Sotheby’s has announced that it will be selling a Kandinsky from the period when he was painting in Murnau, another work from that time was sold five years ago to set a record for the artist. The Murnau works are prized for several reasons. Among them is that the paintings mark Kandinsky’s transition from figurative painting towards abstraction. The work on offer, Murnau – Landschaft mit grünem Haus has an estimate of £15-25 million. It has been held in the sam family for nearly a century and is likely to be one of the last of these works still in private hands (as the auction houses love to intimate.) Until recently, this painting was on long-term loan to the the Tel Aviv Museum of Art and a smaller version of it is in the Hermitage collection in St. Petersburg.
Here’s Sotheby’s release:
In the summer of 1908 Kandinsky and his companion Gabriele Münter, together with artist friends including Jawlensky, summered in the Bavarian mountain village of Murnau. The surrounding dramatic mountain landscapes with their bucolic atmosphere and picturesque viewpoints were to inform his move into Abstraction. Kandinsky pioneered a style of Expressionism that was fuelled by an explosion of pure colour, applied in brushstrokes of thick paint.

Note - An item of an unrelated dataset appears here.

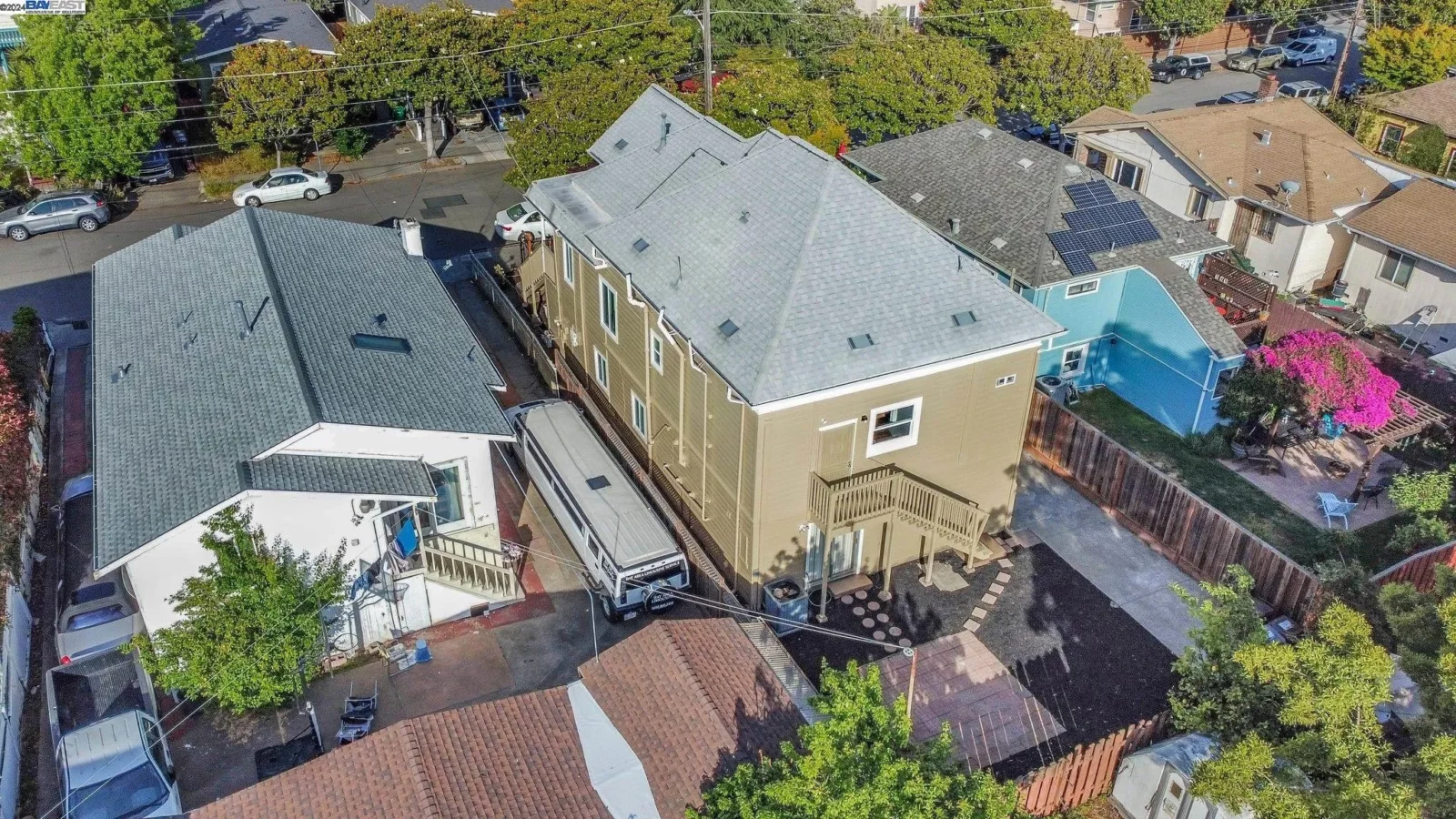 Nestled in Oakland’s coveted Golden Gate neighborhood and situated on a beautiful Magnolia Tree-Lined street. This property is the epitome of versatile living boasting a 3 bed 3 bath main unit and 2 bed 1 bath secondary unit. Both units have recently remodeled kitchens and bathrooms, new floors, fresh interior/exterior paint, appliances and new plumbing/electrical fixtures. A rare sighting of an Oakland property with Air Conditioning! Separately metered for gas/elect, the main unit also benefits from solar energy with its “owned” solar panels. Ready for EV charging. Ready for immediate occupancy. The existing floor plan may allow an additional 3rd unit without much reconfiguring. The property features a long driveway, a very special feature that most homes in this neighborhood just don’t have. The backyard is flat and a nice blank canvas for your creation. With a “walk score” of 84/100, many errands can be accomplished on foot, also many nearby public transportation options and flat enough to bike to Emeryville’s Bay Street, Berkeley’s 4th St Shops and Restaurants, UC Berkeley Campus and Oakland’s Uptown. 5531 Fremont St is in close proximity to many freeway arteries such as 80/580/24 and the Bay Bridge.

The artist was deeply impacted by the Fauve invention of a vibrant modern palette, by Paul Cézanne’s breaking up of form and structure as well as by Vincent van Gogh’s transformation of the landscape. In this richly-coloured and dynamic painting, Kandinsky embraces and fuses these three revolutionary approaches to painting and transforms these elements to create an intensely expressive style that was ground-breaking. Kandinsky’s use of colour was essentially fuelled by a belief in a spiritual reality that could only be discovered through the evocative possibilities of music and colour on the senses. The blue in this painting has a strong dominating presence and was in many ways the most important colour to the artist – the most spiritual of all.
Murnau – Landschaft mit grünem Haus was first exhibited at The Royal Albert Hall in 1910, when it was chosen to represent the artist at The London Salon of the Allied Artists’ Association. The AAA was founded by Frank Rutter, an art critic of The Sunday Times newspaper, with the aim of providing a platform for the promotion of modernist art in Britain. This firmly placed Kandinsky at the forefront of the contemporary art scene in Europe, with his works deeply resonating with those of the Bloomsbury Group. Following this, in 1912 it was exhibited at Herwarth Walden’s revolutionary gallery Der Sturm in his first major retrospective. This early exhibition history places the painting at the very heart of Kandinsky’s critical importance. Just under a century later, the painting returned to London as part of a landmark show at the Tate Modern in 2006. A sensation in the art world and the public alike, the exhibition followed Kandinsky’s intriguing journey from figurative landscape painter to master of abstraction.